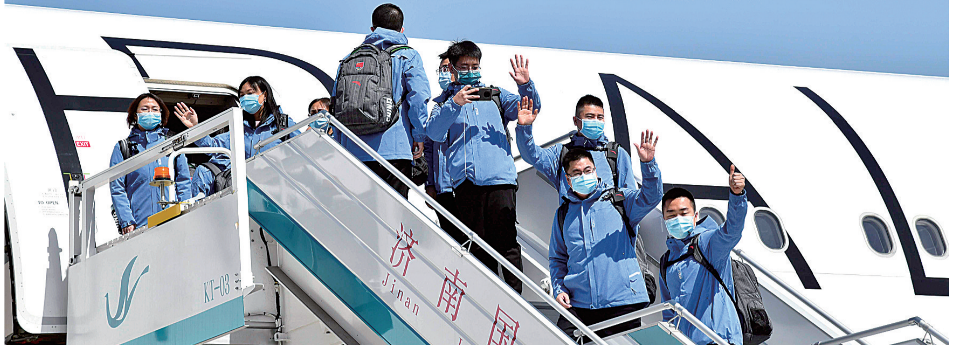
3月28日，山东省赴联合国联合工作组在济南遥墙国际机场登机，赶赴英国，慰问在英华侨华人、中资机构和广大留学生，支援当地抗击疫情。

“对于疫情严重国家，确实有困难急需回国的留学人员，党和政府将及时采取必要措施，协助他们逐步、有序回国。”马朝旭说，民航局有关负责人已经表示，对需求集中、飞行目的地有疫情防控保障能力的城市，将视情况启动重大航空运输保障机制，及时开通临时航班和包机。他同时提醒有关留学人员和在海外的中国公民密切关注中转国的入境政策，购票以及登机前务必要和航空公司核对好航班情况，尤其是后续航班的情况。如遇特殊情况出现滞留，要及时联系中国驻当地使领馆寻求协助，或拨打24小时畅通的领事保护电话。
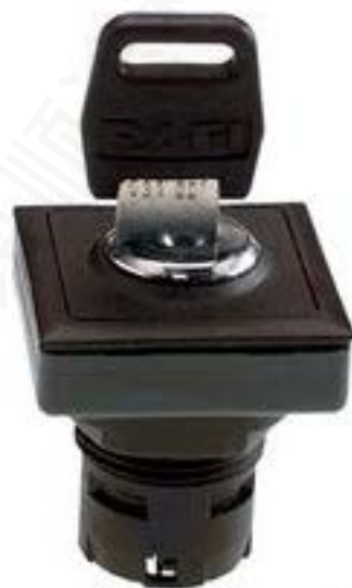
RAFIX 16 F, 钥匙开关, 正方形卡圈 1 x 40°, 触感的
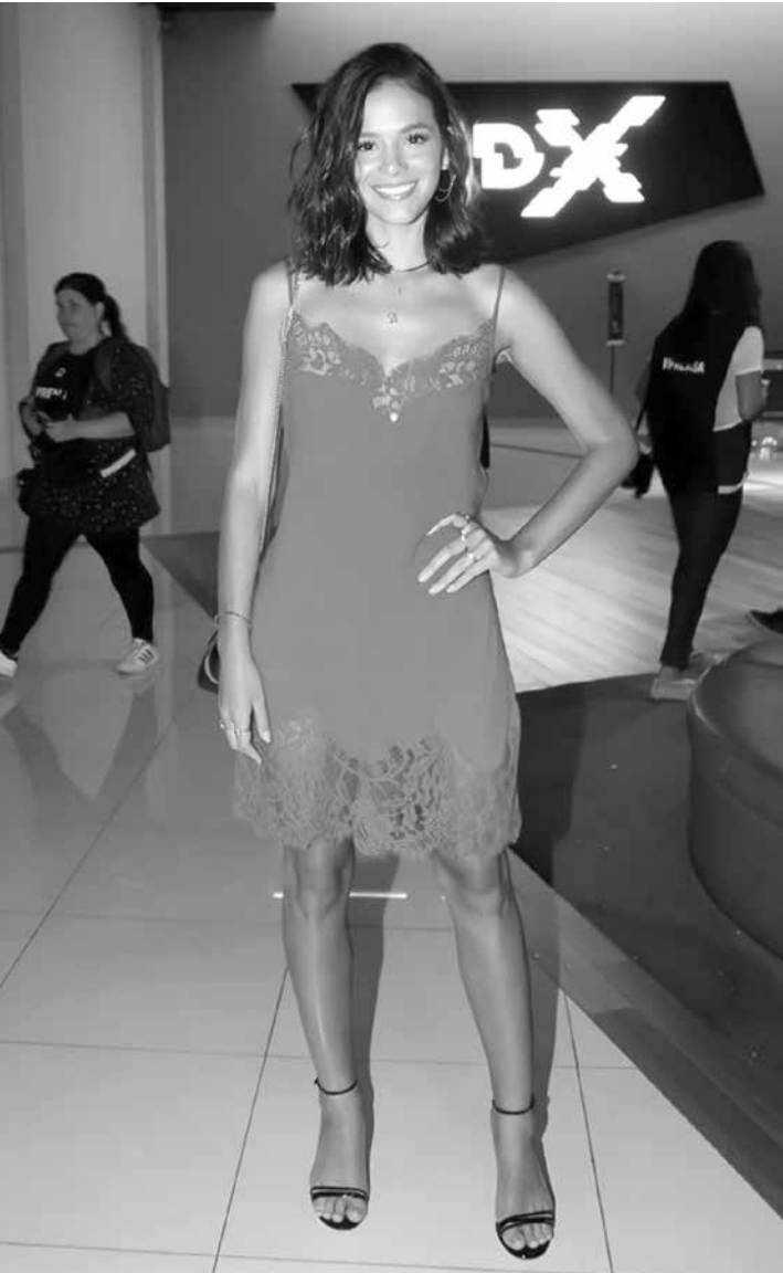
Ela só descobriu ao emagrecer para a nova personagem

ABOUT THIS EXERCISE.
Your answer should be every line above, written out exactly, with no pictures.

WRITTEN ANSWER.
3月28日，山东省赴联合国联合工作组在济南遥墙国际机场登机，赶赴英国，慰问在英华侨华人、中资机构和广大留学生，支援当地抗击疫情。

“对于疫情严重国家，确实有困难急需回国的留学人员，党和政府将及时采取必要措施，协助他们逐步、有序回国。”马朝旭说，民航局有关负责人已经表示，对需求集中、飞行目的地有疫情防控保障能力的城市，将视情况启动重大航空运输保障机制，及时开通临时航班和包机。他同时提醒有关留学人员和在海外的中国公民密切关注中转国的入境政策，购票以及登机前务必要和航空公司核对好航班情况，尤其是后续航班的情况。如遇特殊情况出现滞留，要及时联系中国驻当地使领馆寻求协助，或拨打24小时畅通的领事保护电话。
RAFIX 16 F, 钥匙开关, 正方形卡圈 1 x 40°, 触感的
Ela só descobriu ao emagrecer para a nova personagem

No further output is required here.